◆ What you will do: Instruction for the data below: set down exactly the lines from the line with "74%topon is a" to the line with "Este Cmap, tiene", inclusive, and no others.

◆ Given records:
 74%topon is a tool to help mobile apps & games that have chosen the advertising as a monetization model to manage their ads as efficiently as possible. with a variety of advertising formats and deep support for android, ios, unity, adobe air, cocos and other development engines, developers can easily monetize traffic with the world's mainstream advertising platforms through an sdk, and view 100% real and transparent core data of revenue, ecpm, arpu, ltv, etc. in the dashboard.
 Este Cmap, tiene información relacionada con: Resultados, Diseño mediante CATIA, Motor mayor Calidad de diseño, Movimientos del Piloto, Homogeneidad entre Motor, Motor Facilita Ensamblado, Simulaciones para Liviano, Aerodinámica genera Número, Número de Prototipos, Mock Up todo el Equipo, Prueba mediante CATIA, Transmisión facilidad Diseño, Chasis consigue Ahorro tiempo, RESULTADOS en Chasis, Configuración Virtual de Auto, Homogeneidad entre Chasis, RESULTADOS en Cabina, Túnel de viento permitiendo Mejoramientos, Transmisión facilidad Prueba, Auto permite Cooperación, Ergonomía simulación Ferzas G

==

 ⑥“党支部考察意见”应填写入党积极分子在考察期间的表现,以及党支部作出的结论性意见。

◆ Output for this task:
 74%topon is a tool to help mobile apps & games that have chosen the advertising as a monetization model to manage their ads as efficiently as possible. with a variety of advertising formats and deep support for android, ios, unity, adobe air, cocos and other development engines, developers can easily monetize traffic with the world's mainstream advertising platforms through an sdk, and view 100% real and transparent core data of revenue, ecpm, arpu, ltv, etc. in the dashboard.
 Este Cmap, tiene información relacionada con: Resultados, Diseño mediante CATIA, Motor mayor Calidad de diseño, Movimientos del Piloto, Homogeneidad entre Motor, Motor Facilita Ensamblado, Simulaciones para Liviano, Aerodinámica genera Número, Número de Prototipos, Mock Up todo el Equipo, Prueba mediante CATIA, Transmisión facilidad Diseño, Chasis consigue Ahorro tiempo, RESULTADOS en Chasis, Configuración Virtual de Auto, Homogeneidad entre Chasis, RESULTADOS en Cabina, Túnel de viento permitiendo Mejoramientos, Transmisión facilidad Prueba, Auto permite Cooperación, Ergonomía simulación Ferzas G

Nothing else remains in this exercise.